Temporal super-resolution (Q1):
This is an interesting question, however we believe that it is going beyond the scope of our work. Any autoregressive rollout method that is not explicitly conditioned on physical time does not have the ability to achieve a finer temporal resolution compared to the data (including all our baselines). Of course, traditional temporal super-resolution methods like linear or higher-order interpolation between prediction steps, or training a designated interpolator network are an option. This is an interesting direction that other works like the DYffusion paper mentioned in the general response are already targeting.
Real-World Data Sets (Q2):
We do not see any problem with noisy, real-world data for our method. As shown in the paper, it is robust to interpolation as well as extrapolation tasks. We also experimented with running ACDM from a simple mean flow initialization on or during inference (without any re-training). We observed that ACDM was able to successfully return to a stable, oscillating prediction, without any stability problems, even from such an extreme out-of-distribution test. Thus, noisy real-world data should not fundamentally impact the approach either.
Concurrent Work (Q3):
We provide a detailed analysis compared to PDE-Refiner in Appendix C.9 in the revised version of our paper. To summarize, we find that ACDM has a range of benefits of PDE-Refiner, with the only drawback being the inference performance, as also mentioned in more detail in the general response.
We would like to thank Reviewer JT77 for the detailed review and feedback. In the following, we address mentioned weaknesses (W) and questions (Q).
Novelty (W1):
While the novelty of our approach with regard to DDPM is agreeably limited, we would argue that our paper nevertheless makes a valuable contribution. Exploring a direct adoption of DDPMs to flow prediction is clear gap in the concurrent work, and an important step that should be taken before moving on to more advanced methods. To achieve this, we thoroughly investigate various tasks with different difficulty, while comparing to a range of established baselines using different physically motivated metrics. We also comment on this aspect in more detail in the general response.
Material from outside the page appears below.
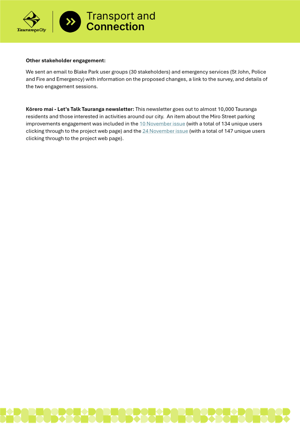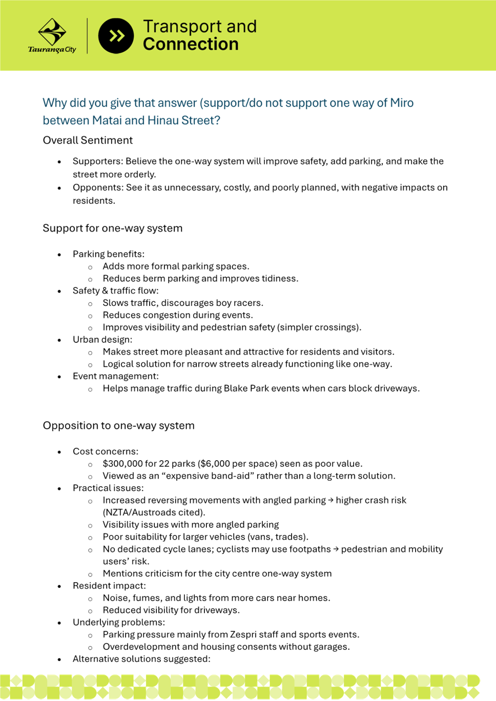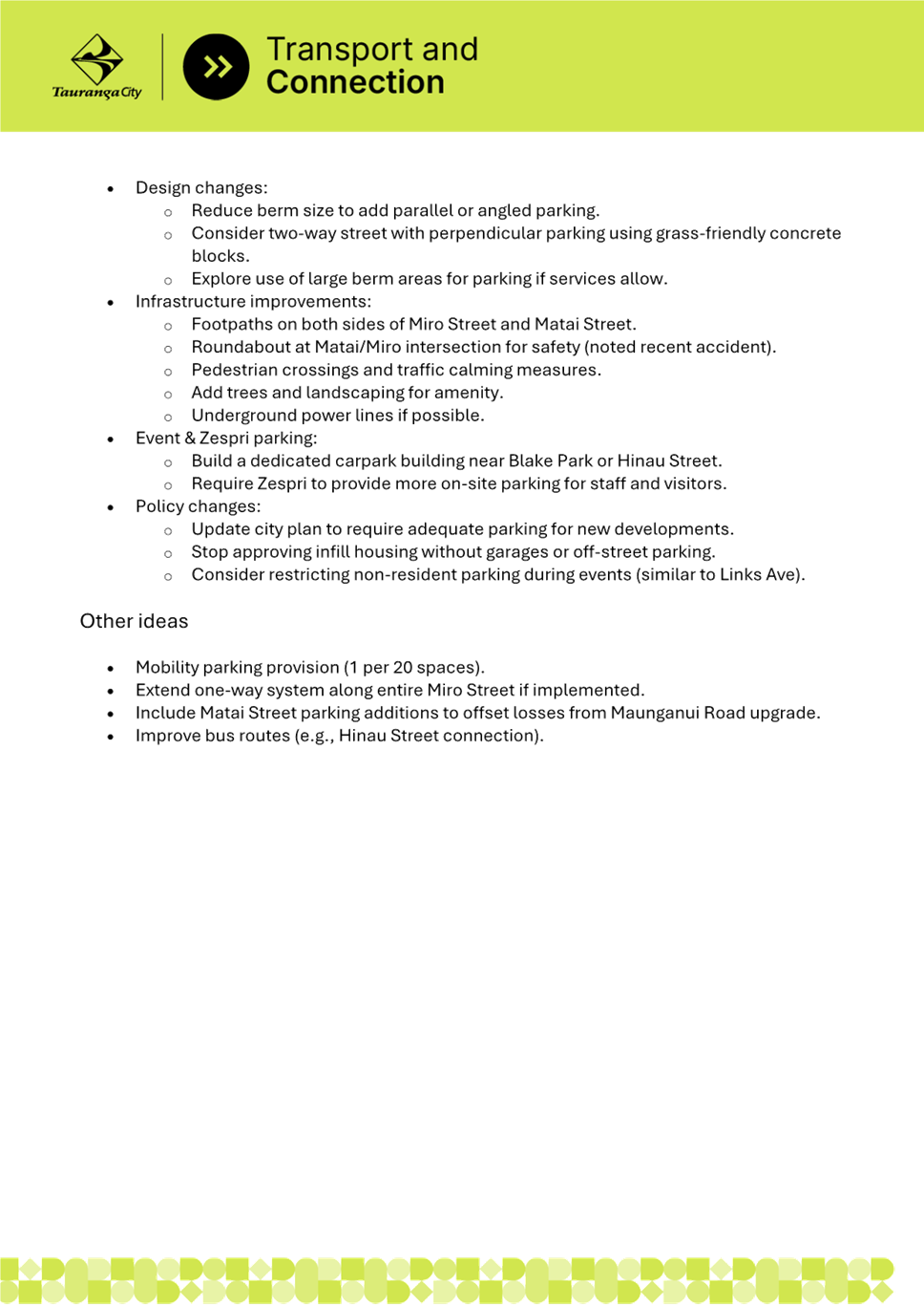 2. Miro Street is experiencing significant parking pressure due to residential intensification, nearby businesses, and Blake Park sporting facilities. The Miro Street community has notified council of the issues and requested improvements. Parking surveys undertaken by staff confirmed that parking demand exceeds capacity, particularly between Matai Street and Hinau Street, where berm parking is common and creates safety and amenity issues.

Generalization to different resolutions (W2):
We agree that generalizing to different data resolutions is an interesting direction for future work. It is a fundamental problem across the range of neural network architectures we consider in this work, and even fully convolution methods typically struggle to generalize well far outside the training resolution domain.
Accuracy (W3):
While it is correct that ACDM does not beat every baseline on every data set we consider, it is important to keep the bigger picture in mind and consider the following aspects: First, ACDM is within a small margin to the best method across the test sets shown in Tab. 2. This stability is unmatched compared across baselines, all of which perform substantially worse than ACDM on two or more test sets. Especially see the substantial accuracy increase of ACDM on the most complex case, compared to all other models. Second, ACDM allows for posterior sampling, while all baselines expect TF-VAE are deterministic. Third, ACDM is clearly more temporally stable than all baselines from Tab. 2, as shown for example in Fig. 8.
Sampling Speed (W4):
We agree that the sampling costs of ACDM in its current form can be steep compared to other methods. However, we are confident that future work will be able to substantially improve performance with techniques like better sampling or distillation, as shown by substantial recent advances in the imaging domain. First steps towards such improvements are already taken in concurrent work, as discussed in more detail in the general response.
Paper Organization (W5):
Thank you for the suggestion, we adjusted the subsection titles accordingly to make this more clear. We will consider a larger reorganization of this section in the next revision of our work.
Different Data Sets (W6):
We agree that further data sets are always an option to increase the scope of a paper, but we would like to highlight that we already evaluate a range of diverse data sets with different complexity. The incompressible wake flow is relatively simple, but a widely established standard setup in the CFD community. The transonic wake flow is fundamentally more difficult due to the formation of shock waves and the complex vortex shedding that has a range of spectral components in addition to the main shedding frequency. Finally, the isotropic turbulence case is based on direct numerical simulation and highly underdetermined due to the sliced evaluation. Thus, it is unlikely that additional data sets would fundamentally help to improve the answer regarding the central question of our paper: "How does a DDPM setup with appropriate conditioning fare on flow prediction?".
Additional Baselines (W7):
We would like to point out that we consider a wide range of diverse baselines, as well as averages over multiple model runs to achieve a stable and meaningful evaluation. We chose established baseline classes like FNO, ResNets, or U-Nets that are very commonly used across problems. Graph networks definitely represent an interesting class of architectures, however, for the Cartesian data sets at hand, they would not provide any benefits. But this is certainly an interesting direction for future work, as we do not see any reason why the positive aspects of diffusion models should not carry over to graph networks.
Fig. 4 (W8):
Thanks for pointing this out, it is fixed in the revised version.
We are thankful to all reviewers for their time and for the provided feedback. We would like to comment on two relevant aspects for all reviewers here, but we also provide detailed answers to every reviewer individually. In addition, we already revised our paper with respect to a range of issues mentioned in the reviews. Major changes in the paper compared to the initial version are highlighted in green text color.
Concurrent Work:
We would like to explicitly discuss two concurrent methods (DYffusion [1] and PDE-Refiner [2]) that will appear in NeurIPS 2023, which were also mentioned by the Reviewers JT77 and wsiC. Both have a similar focus as our work, but all three approaches are conceptually different. These works point to the large interest in the research community, and we believe that our work sets the stage for both papers by providing a honest, thorough and direct comparison of how DDPM-like methods work in the context of time-dependent physics simulations.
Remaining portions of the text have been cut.